You can find the Kafka retention period in the log.retention.hours setting in any Hub node's Kafka broker properties file, which by default is installed at /opt/hub/hub-current/services/kafka-2.12-2.7.0/conf/server.properties (but may be elsewhere depending on user installation preferences).
The default value for this setting is 72 hours (i.e. 3 days).
What this means is that we are asking:
- Kafka to retain data for 72 hours before deleting it permanently.

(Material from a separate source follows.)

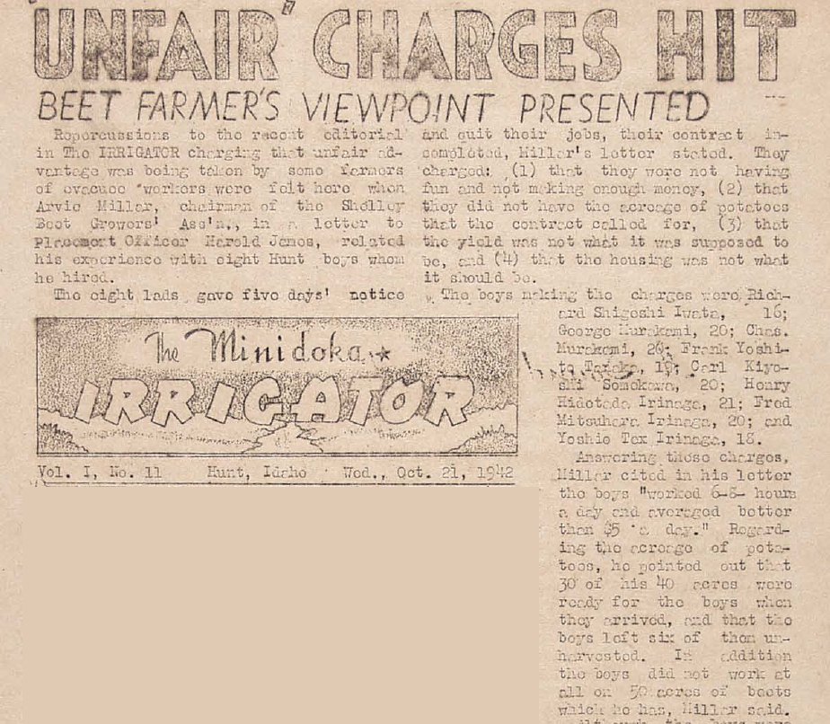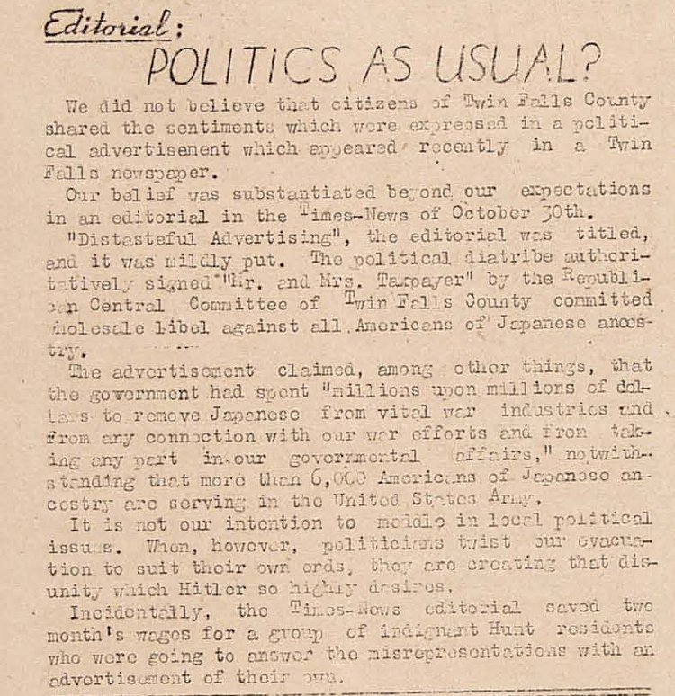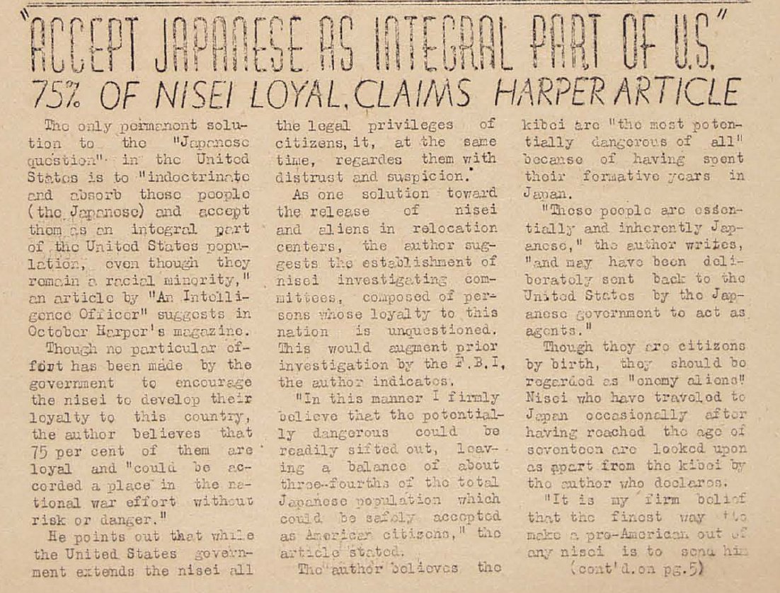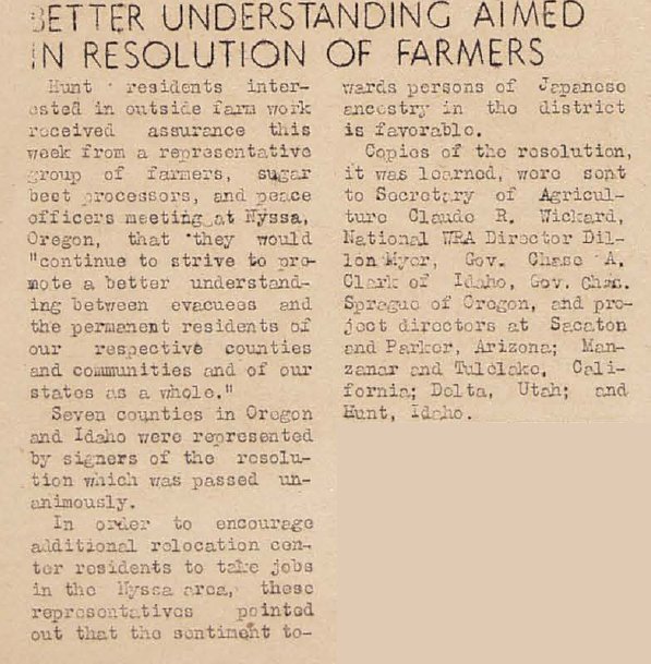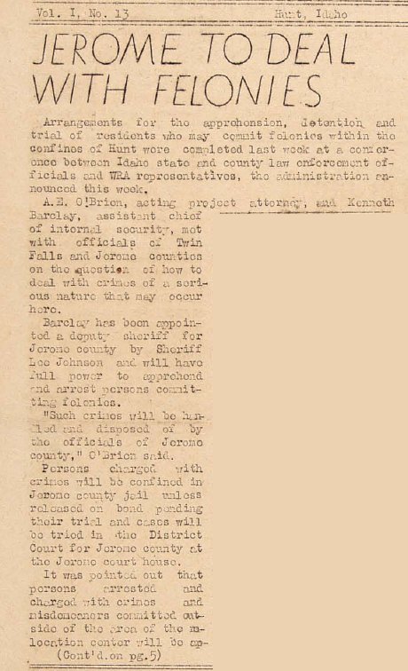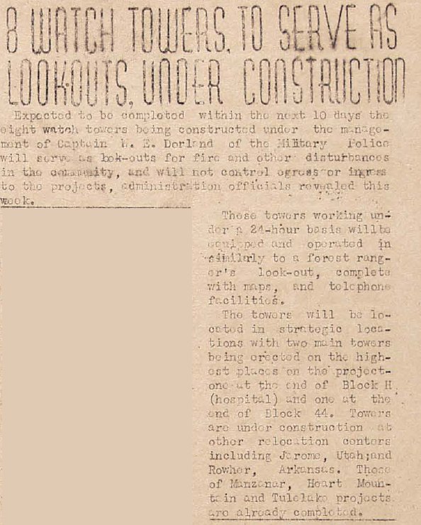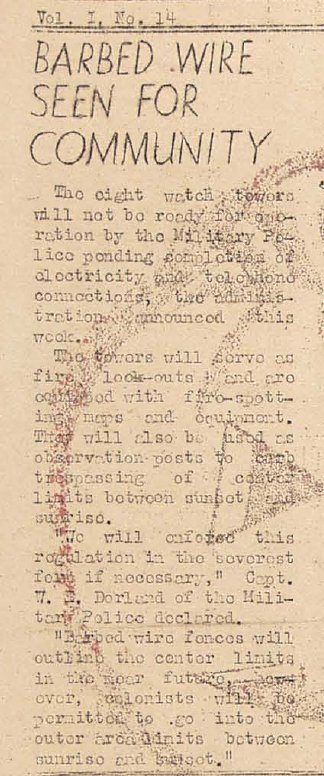 Page 1: The Army wants Nisei and Kibei for the Military Intelligence Unit. This is one the same page as the article below pointing out the camp will be surrounded by barbed wire. Talk about contradictory tones. The acting project director has left to take another post; four soldiers visited; four former internees at Camp Lordsburg are at this camp now; a funeral.

- Timescale to leave the most recent 72 hours of data uncompressed, and compress anything older than that.
NOTE:
The Timescale compression period is set to match the Kafka retention period
to avoid Timescale compressing chunks containing any old data still being
ingested from Kafka.
Compressed chunks can't be modified (in Timescale 1.7.x) so compressing
prematurely would cause subsequent insertions to fail.
In normal operation this is not a concern, but we want to give ourselves
a good chance of catching up in situations where Kafka has been up and
accepting inbound data (cluster wide), but Persistence Daemon has been
down (maybe on just one node during patching).
2. Determine whether Timescale compression is keeping up with incoming data
In Hub 2.x all Timescale hypertable chunks are 1 hour in duration.
So to determine whether or not compression is keeping up we want to look for any tables that have significantly more uncompressed chunks than specified by the Timescale compression period.
Log into each Hub node as the runtime user, which by default is hub, then run the following (after adjusting paths to suit user installation preferences):
cd /opt/hub/hub-current/services/postgres-timescale-12.x.y.z
./run-psql.sh
Then run this SQL:
\c hub;
SELECT hypertable_name, compression_status, COUNT(*)
FROM timescaledb_information.compressed_chunk_stats
GROUP BY hypertable_name, compression_status
HAVING compression_status = 'Uncompressed'
ORDER BY hypertable_name, compression_status;
The result will look something like this:
hypertable_name | compression_status | count
----------------------+--------------------+-------
metric_series_000002 | Uncompressed | 1
metric_series_000005 | Uncompressed | 1
metric_series_000009 | Uncompressed | 1
metric_series_000010 | Uncompressed | 1
What we're looking for is any `count` value significantly higher than the number of hours specified by the Timescale compression period.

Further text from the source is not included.